Getting dressed took only a moment. To run down the stairs to Cadmar’s quarters took another. But Cadmar was already gone: while Clement sought enlightenment, he had already realized that the garrison was under attack, and he was ahead of her, out of the building already, where the fire falling from the sky could burn him alive. “Gilly!” she bellowed, running full tilt down the hall to pound on his door. “Wake up, damn you!” She heard the muffled murmur of his drugged voice, and left him to save himself. He was no soldier, but he knew how to keep out of harm’s way.

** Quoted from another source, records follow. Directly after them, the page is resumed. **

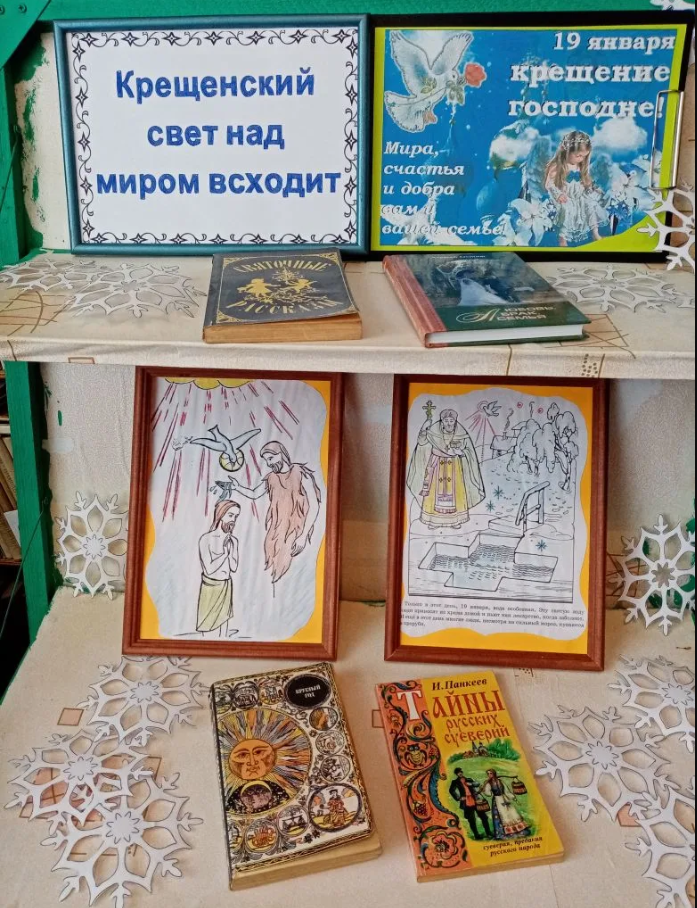 19 января православный мир отмечает Крещение Господне — один из самых значимых праздников христианства. Этот день символизирует духовное обновление, очищение и начало общественного служения Христа. В связи с этим важным событием в Погорельской сельской библиотеке оформлена книжная выставка под названием "Крещенский свет над миром всходит". На данной выставке представлены разнообразные книги, рассказывающие об истории происхождения праздника Крещения, о его значении для православной веры. Вы также сможете узнать о традициях, связанных с праздником — водосвятием и купанием в проруби, а также о том, как праздничные дни "Святки" отмечались в старину. Приглашаем всех желающих посетить нашу выставку, чтобы глубже понять смысл данного праздника и познакомиться с богатым наследием православной культуры. Давайте вместе отметим этот светлый день и ощутим его духовную силу!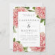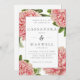 En snygg blommig bröllopsinbjudan med vintagekänsla, perfekt för vår eller sommar. Denna design har fyra stora botaniska rosa peonior i akvarellstil med gröna blad, på en krispig vit bakgrund. Texten är i klassisk mörkgrå färg.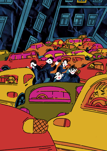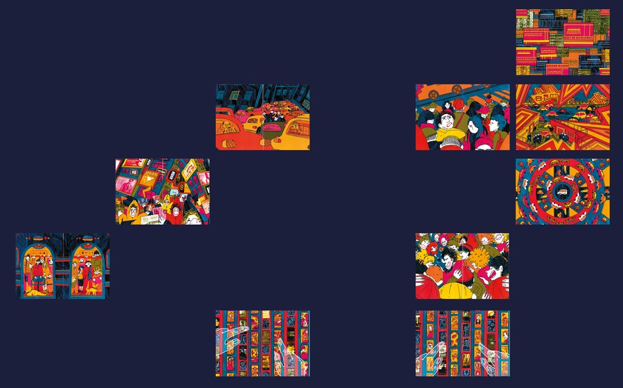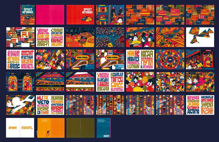 Темп жизни в мегаполисах продолжает расти, а вместе с ним и нагрузка на психику его жителей. Мой артбук является собирательным образом этого явления и создаёт атмосферу перегрузки с помощью выбранных цветов, количества деталей и текстур.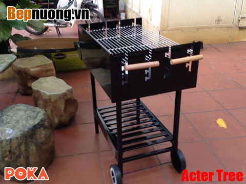 Chất liệu: thân bếp và khung bếp bằng thép sơn tĩnh điện chịu nhiệt, vỉ nướng bằng inox, giá đỡ bằng gỗ.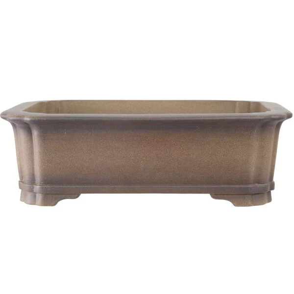 Bonsaischale (unglasiert, antik-grau, rechteckig), handgemacht, in den Abmessungen: 47cm Länge, 36cm Breite, 14.5cm Höhe.

She ran out the door and found the burned soldier moaning, charred, scarcely conscious where he had been dragged into the shelter of the eaves. The sky exploded with fire. All across the garrison there were shouts: alarmed, astonished, and terrified. She shook the burned soldier brutally and shouted, “Was it the general who helped you? Which way did he go?”

The man said something, and perhaps he thought it was intelligible, but to Clement it meant nothing. She left him and ran down the nearest road, toward the rising shouts and the glow of fire now burning the rooftops. As she ran, she heard a captain blow his horn in the distance, signaling his disordered company to follow him into battle. Cadmar would chase that sound like a hound chases a rabbit– and just as mindlessly, she thought grimly. She ran after him, her pistols unloaded and her saber banging on her leg, with the sky exploding overhead and the garrison erupting below, and as she ran she cursed Cadmar, and cursed even louder at the beauty of the deadly explosions that filled the sky.

She reached a chaotic knot of soldiers who seemed to be trying to fight the fire that threatened to burn their barracks down, though the flames were mostly out of reach of the water they tossed at it. She found their captain and shouted at him to give up and find the source of the explosives instead, but he gave her a dazed look as though he had lost his mind or thought she had lost hers. He shouted that he had not seen Cadmar, which meant nothing.